Применительно к участникам уголовного судопроизводства, входящим в первую
из перечисленных групп, необходимо отметить, по крайней мере, два обстоятельства.
Во-первых, в законе предпринята попытка каким-то образом разграничить
понятия уголовного преследования и обвинения. Уголовное преследование
определяется как "процессуальная деятельность, осуществляемая стороной
обвинения в целях изобличения подозреваемого, обвиняемого в совершении
преступления" (п. 55 ст. 5 УПК). Под обвинением понимается "утверждение в
совершении определенным лицом деяния, запрещенного Уголовным кодексом,
выдвинутое в порядке, установленном настоящим Кодексом" (п. 22 ст. 5 УПК).
Поскольку сторона обвинения существует на всем протяжении уголовного
судопроизводства, то очевидно, что обвинение в широком смысле тождественно
уголовному преследованию, а в узком смысле представляет собой инкриминируемое
обвиняемому (подозреваемому) деяние, зафиксированное в соответствующем
процессуальном решении. Применительно к проблемам, связанным с процессом
доказывания, осуществление уголовного преследования одновременно означает и
реализацию функции обвинения, поскольку и то, и другое по своему содержанию
означает как получение в установленной законом форме относящейся к делу
информации, так и принятие основанных на ней процессуальных решений.
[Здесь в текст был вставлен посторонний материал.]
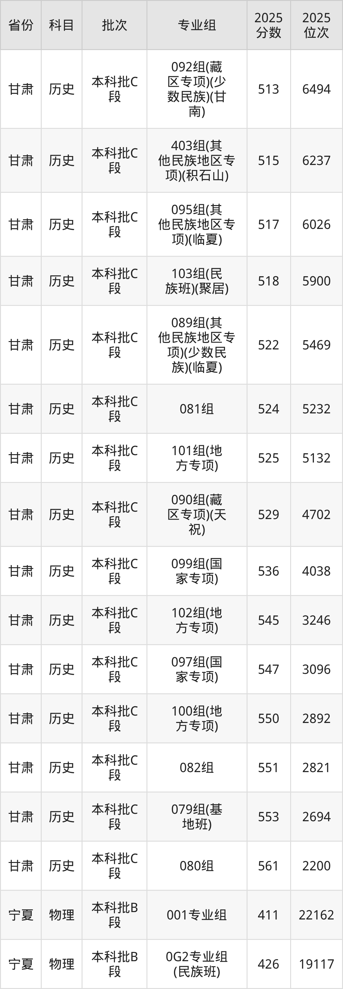 西北师范大学0G2专业组(民族班):2025年投档录取最低分为426分,录取最低位次为19117名。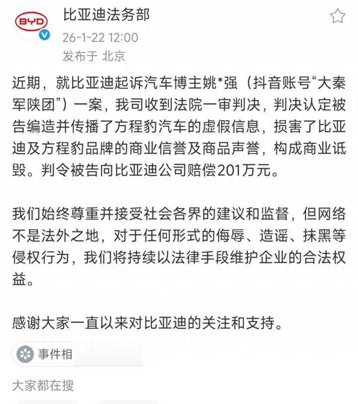 “姚十八事件”过去已经两年多了,最近终于盖棺定论了:构成商业诋毁,判罚201万元!该事件发生于2023年11月,当时的比亚迪旗下子品牌刚成立不久,发布了首款硬派越野方程豹豹5,这种越野车搭载了比亚迪自主研发的DMO超级混动越野平台、CTC2.0底盘电池一体化技术、云辇-P、智能越野辅助技术等诸多行业首创的新能源越野车技术,该车一经发布在当时可谓是最热门的车型!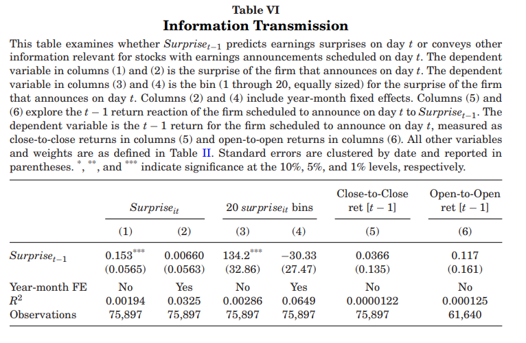 此外,作者发现,日常风险因子暴露的变化、回报波动率、交易量和其他交易摩擦的度量指标并未随着前一天的盈余意外 而变化。最后,作者还探讨了公司是否会策略性地提前或推迟盈利公告,或者操纵盈利公告本身,结果发现,即使在不太可能从事此类行为的公司子样本中,也得到了类似的结果。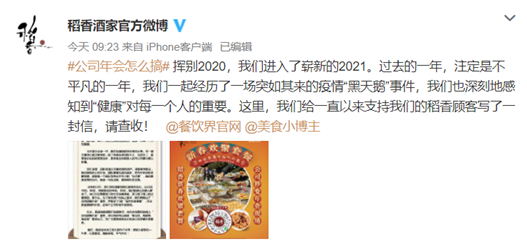 1月26日,稻香酒家在其官方微博特别发布了“一封致顾客的信”,意在以书信形式正式发布其“派对团餐外卖新品”。信中提到:“为了规避疫情之下不必要风险,迎合用户的线上需求,我们特推出了‘派对团餐外卖’服务。”并在书信中真诚邀请顾客抢先体验“派对团餐外卖”。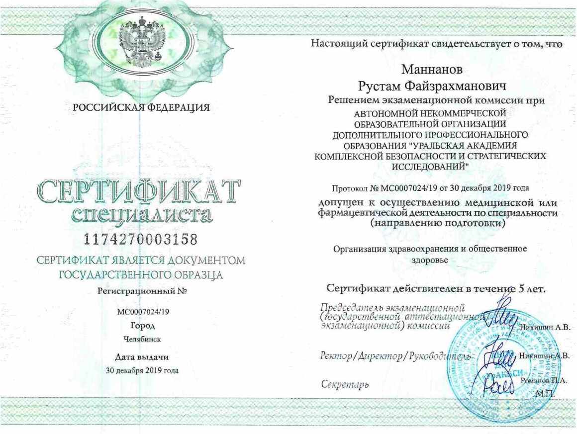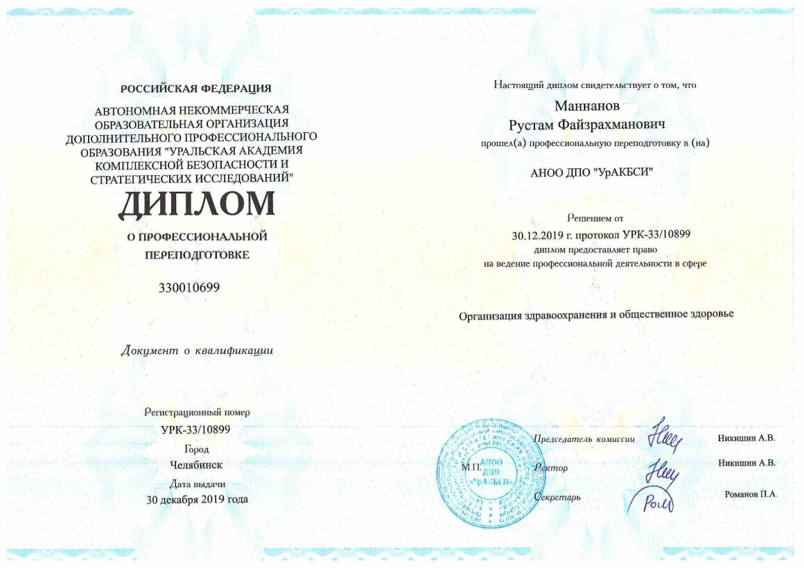 • 2020 г. – ООО «БВ», профессиональная подготовка по специальности «Психиатрия-наркология».
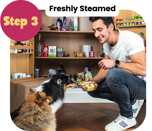 We’ve done all the hard work – no cooking needed! Your dog’s food arrives fully cooked, pre-portioned and ready to enjoy straight from the tray. And thanks to our fresh steam cooking process, you can store it in your pantry or kitchen cupboards, freeing up fridge space.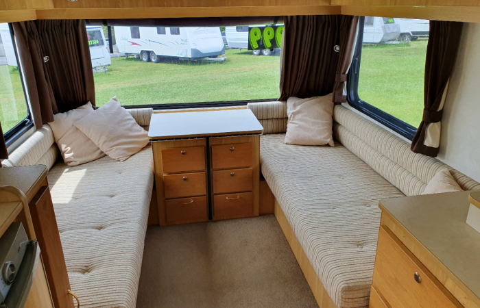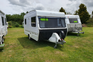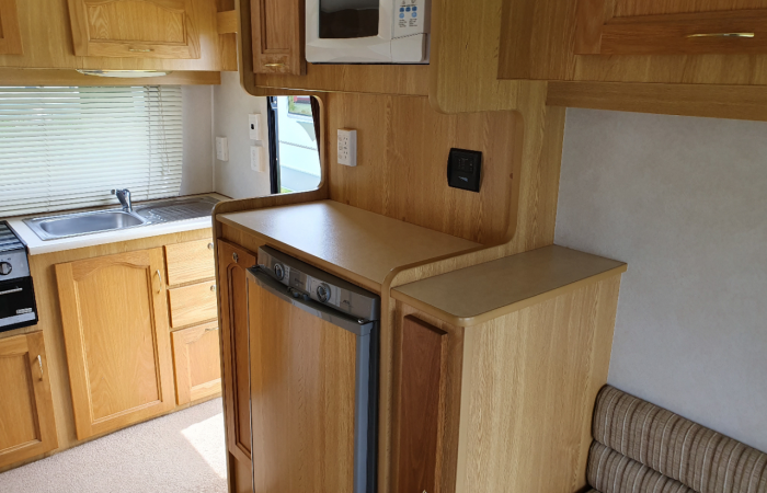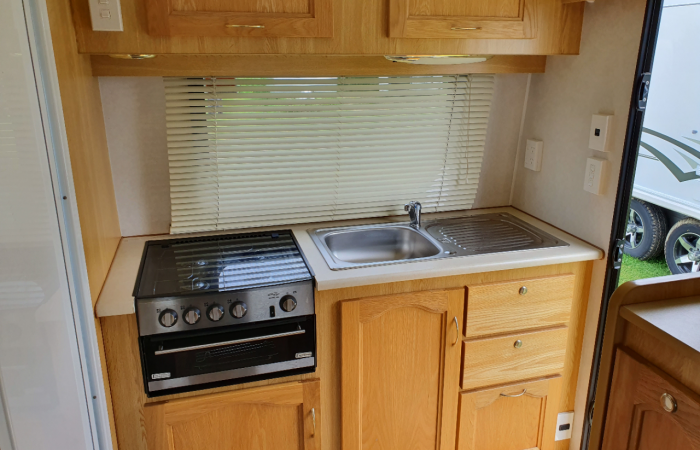 2 x single beds with extra length, full & half canvas awning, 82L fresh & 90L grey water tanks, tv & wind-up satellite dish, rear kitchen with gas hobs & grill.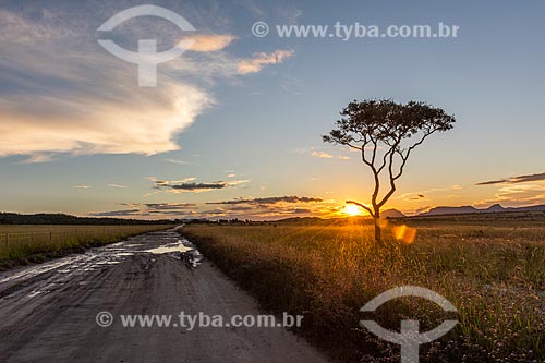 [+] evening, [+] dusk, [+] nightfall, [+] dirt road, [+] path, [+] sunset, [+] twilight, [+] vegetation, [+] tree, [+] cerrado, [+] cloud, [+] sky, [+] Goias, [+] Midwest Region, [+] landscape, [+] Veadeiros Plateau, [+] nature, [+] green area, [+] tourism
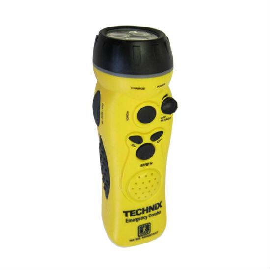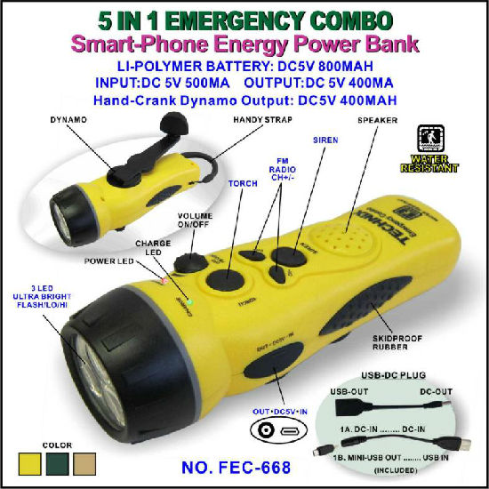 This 5-in-1 emergency combo power bank comes with a robust and water-resistant housing with skid-proof rubber handle for added endurance. The hand-crank dynamo system is easy operate to charging the smart-phone. this power bank also offers functions including a torch, flash light, siren, FM radio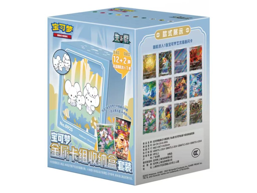 Pokémon TCG: Illustration Rare Metal Deck Box (Simplified Chinese) je zberateľský blind box, ktorý obsahuje náhodne vybranú illustration rare promo kartu z celkovo 14 variant – 12 bežných a 2 secret verzií.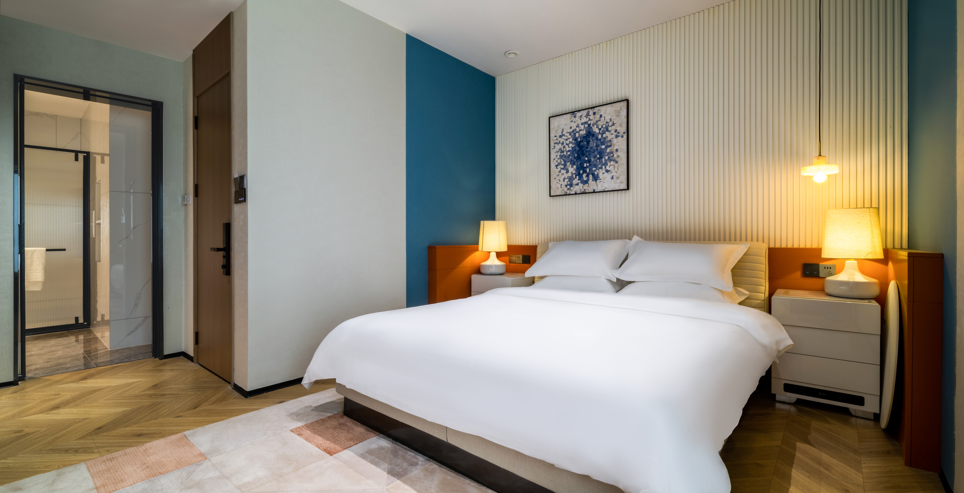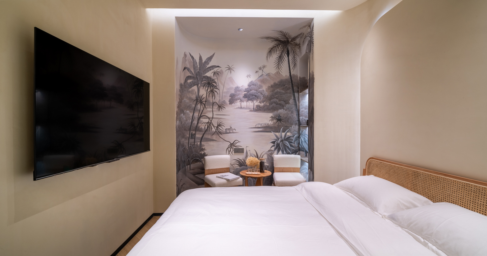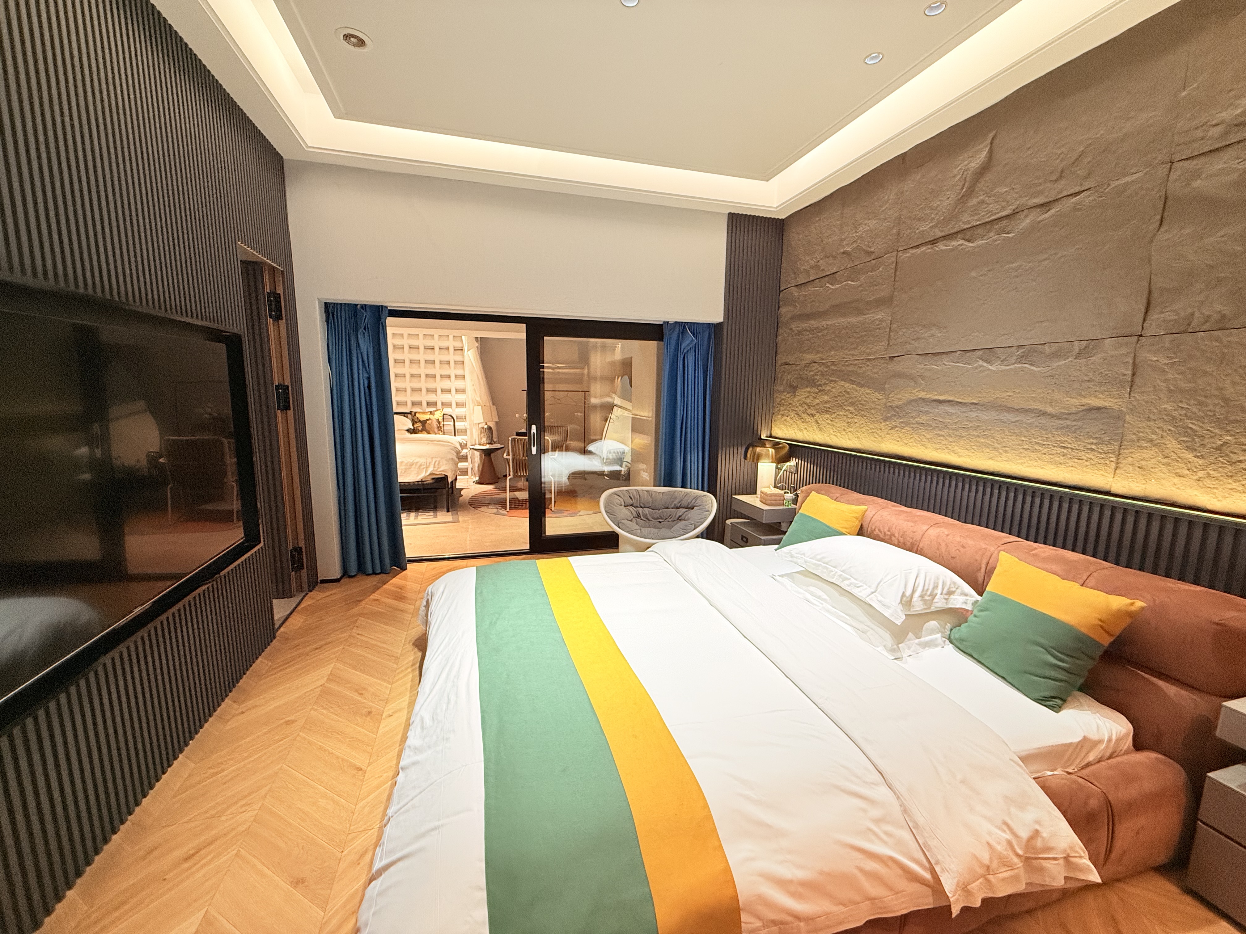 黄波旁手绘壁画大床房(软水恒温+零压床垫+语音智能)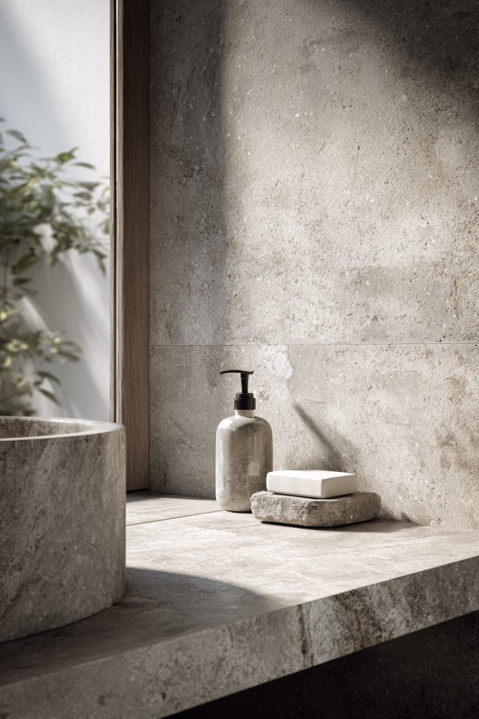 Picture a concrete countertop paired with a slate or pebble stone accent wall. A marble tray or a slate coaster set introduces natural patterns and textures. These elements develop character over time, adding depth and a tactile dimension. The overall aesthetic feels organic, grounded, and refined, emphasizing natural beauty.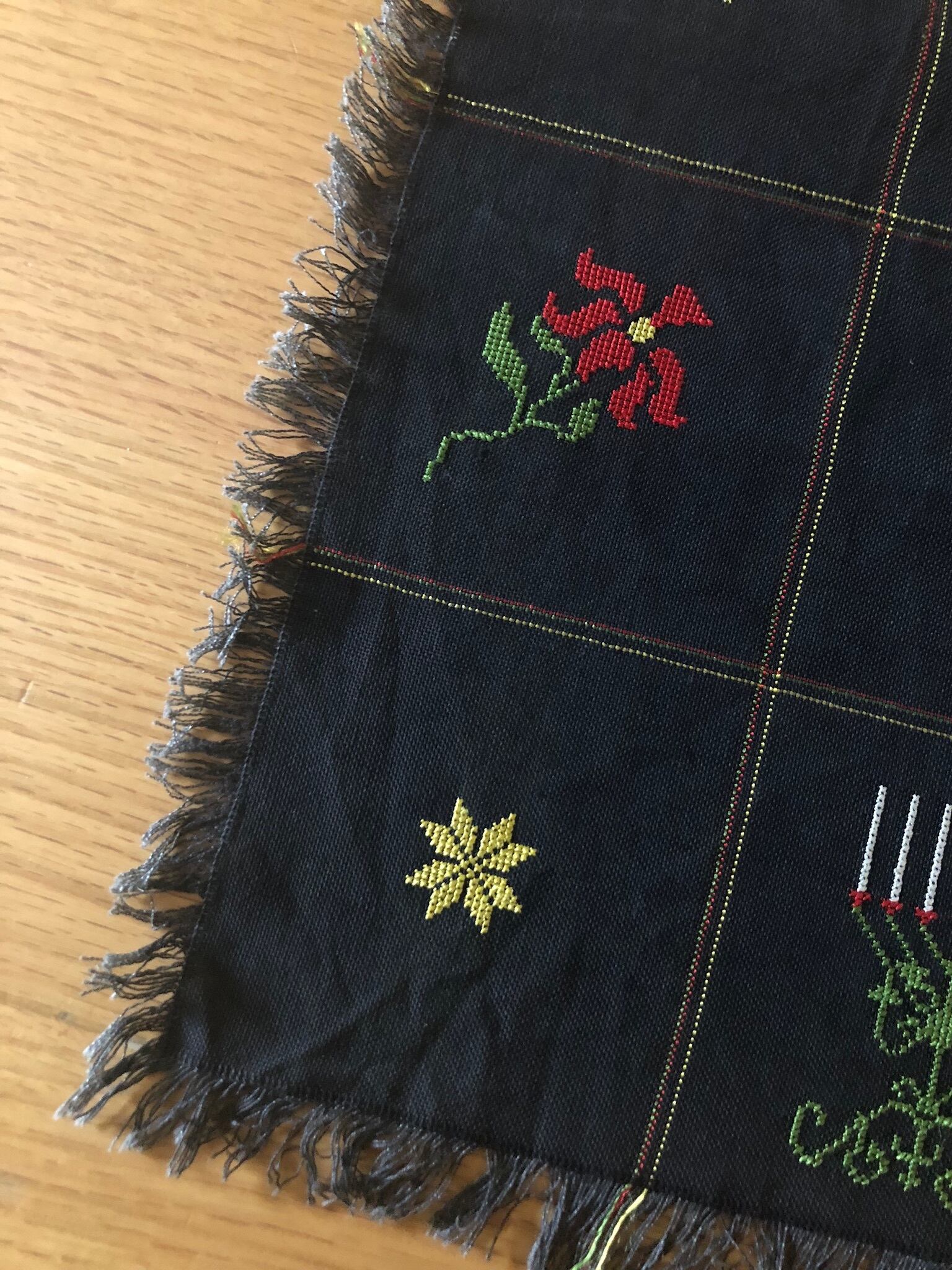 薄手のブラックの生地に、燭台とロウソク、ポインセチア、星の刺繍がされた、シックで素敵なクリスマスのクロス。回りのフリンジがまたポイント♫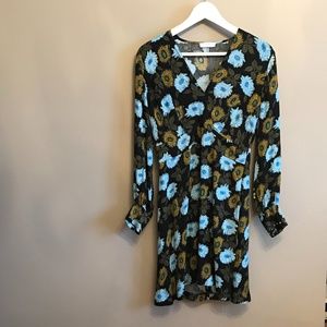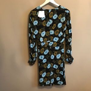 Long sleeve printed dress, rhinestone details on the cuffs, hidden side zip.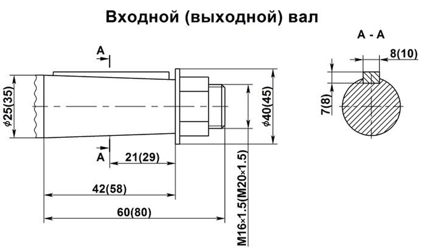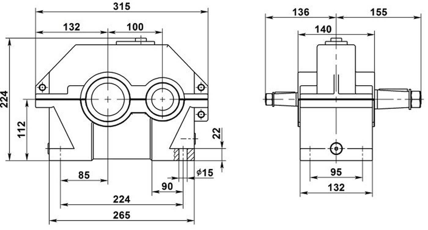 Привод комплектуется коническим либо цилиндрическим валом. В паре с редуктором 1ЦУ-100 можно использовать электродвигатель любой мощности без принудительного охлаждения привода.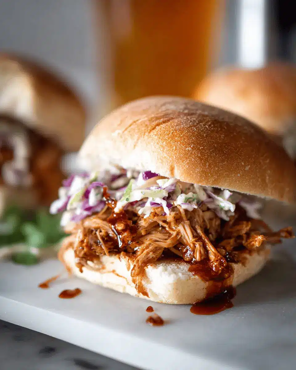The slow cooker BBQ pulled pork sandwich is a crowd-pleaser that’s easy to make and always impresses at gatherings. With tender beef, vibrant BBQ sauce, and crunchy coleslaw, each bite is a flavor explosion. Try it for your next meal, and watch your kitchen become the new favorite spot!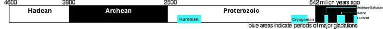 Linha do tempo das glaciações terrestres, em azul. A Karro é a penúltima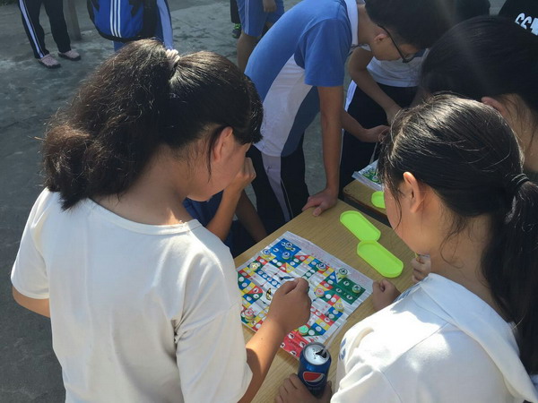 游园会上,我们设立了13个班级游园摊位,邀请黄坳中学学生参与摊位游玩。摊位上的活动形式丰富,有中国象棋、二十四点、夹气球跑、猜谜语、乒乓球弹跳、数独等,通过这些趣味性、娱乐性、智力性的活动增进两校学生感情,同时为黄坳中学学生提供奖品兑奖券。我校团委在活动现场设立奖品兑换处,给黄坳中学学生兑换各种图书和和文具。通过这种游园活动,消除受助学生的弱势情绪和心理,很好地架设起了两校学生间的沟通桥梁。

Во-вторых, хотя законодатель в ч. 2 ст. 21 УПК включает в понятие уголовного
преследования все принимаемые правоохранительными органами меры по
установлению события преступления, изобличению лица, виновного в его совершении,
круг должностных лиц - участников уголовного судопроизводства со стороны
обвинения шире, чем круг субъектов, в чьи обязанности входит осуществление
уголовного преследования. В силу ч. 1 ст. 21 УПК "уголовное преследование от имени
государства по уголовным делам публичного и частно-публичного обвинения
осуществляют прокурор, а также следователь и дознаватель". Отсутствие в данной
норме закона упоминания о начальнике следственного отдела и органе дознания, на
наш взгляд, объясняется тем, что в случае, когда следственное или любое другое иное
процессуальное действие производится лично начальником следственного отдела
либо начальником органа дознания (пп. 1, 4 ст. 40 УПК), а также должностным лицом,
отнесенным к органам дознания (пп. 2, 3, пп. 1-3 ч. 3 ст. 40 УПК), то они обладают
статусом соответственно следователя или дознавателя (ч. 2 ст. 39 УПК).
Таким образом, проблема статуса должностного лица - участника уголовного
судопроизводства со стороны обвинения в процессе доказывания предполагает анализ
полномочий прокурора, следователя и дознавателя.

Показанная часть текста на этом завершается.